1 files changed, 273 insertions, 275 deletions
diff --git a/clang/lib/CodeGen/HLSLBufferLayoutBuilder.cpp b/clang/lib/CodeGen/HLSLBufferLayoutBuilder.cpp
index ac56dda74abb..838903cdcd1e 100644
--- a/clang/lib/CodeGen/HLSLBufferLayoutBuilder.cpp
+++ b/clang/lib/CodeGen/HLSLBufferLayoutBuilder.cpp
@@ -1,275 +1,273 @@
-//===- HLSLBufferLayoutBuilder.cpp ----------------------------------------===//
-//
-// Part of the LLVM Project, under the Apache License v2.0 with LLVM Exceptions.
-// See https://llvm.org/LICENSE.txt for license information.

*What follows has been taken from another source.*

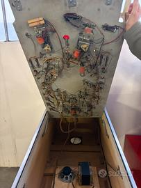Flipper in ottime condizioni, fermo da almeno 40 anni ma sempre stato all’asciutto. Non funziona. Attaccando a corrente si accendono le luci. Da revisionare. Ritiro a bergamo a mano. 450 € Vintage flipper restauro epoca modernariato pinball

-// SPDX-License-Identifier: Apache-2.0 WITH LLVM-exception
-//
-//===----------------------------------------------------------------------===//
-
-#include "HLSLBufferLayoutBuilder.h"
-#include "CGHLSLRuntime.h"
-#include "CodeGenModule.h"
-#include "clang/AST/Type.h"
-#include <climits>
-
-//===----------------------------------------------------------------------===//
-// Implementation of constant buffer layout common between DirectX and
-// SPIR/SPIR-V.
-//===----------------------------------------------------------------------===//
-
-using namespace clang;
-using namespace clang::CodeGen;
-using llvm::hlsl::CBufferRowSizeInBytes;
-
-namespace {
-
-// Creates a new array type with the same dimentions but with the new
-// element type.
-static llvm::Type *
-createArrayWithNewElementType(CodeGenModule &CGM,
-                              const ConstantArrayType *ArrayType,
-                              llvm::Type *NewElemType) {
-  const clang::Type *ArrayElemType = ArrayType->getArrayElementTypeNoTypeQual();
-  if (ArrayElemType->isConstantArrayType())
-    NewElemType = createArrayWithNewElementType(
-        CGM, cast<const ConstantArrayType>(ArrayElemType), NewElemType);
-  return llvm::ArrayType::get(NewElemType, ArrayType->getSExtSize());
-}
-
-// Returns the size of a scalar or vector in bytes
-static unsigned getScalarOrVectorSizeInBytes(llvm::Type *Ty) {
-  assert(Ty->isVectorTy() || Ty->isIntegerTy() || Ty->isFloatingPointTy());
-  if (Ty->isVectorTy()) {
-    llvm::FixedVectorType *FVT = cast<llvm::FixedVectorType>(Ty);
-    return FVT->getNumElements() *
-           (FVT->getElementType()->getScalarSizeInBits() / 8);
-  }
-  return Ty->getScalarSizeInBits() / 8;
-}
-
-} // namespace
-
-namespace clang {
-namespace CodeGen {
-
-// Creates a layout type for given struct or class with HLSL constant buffer
-// layout taking into account PackOffsets, if provided.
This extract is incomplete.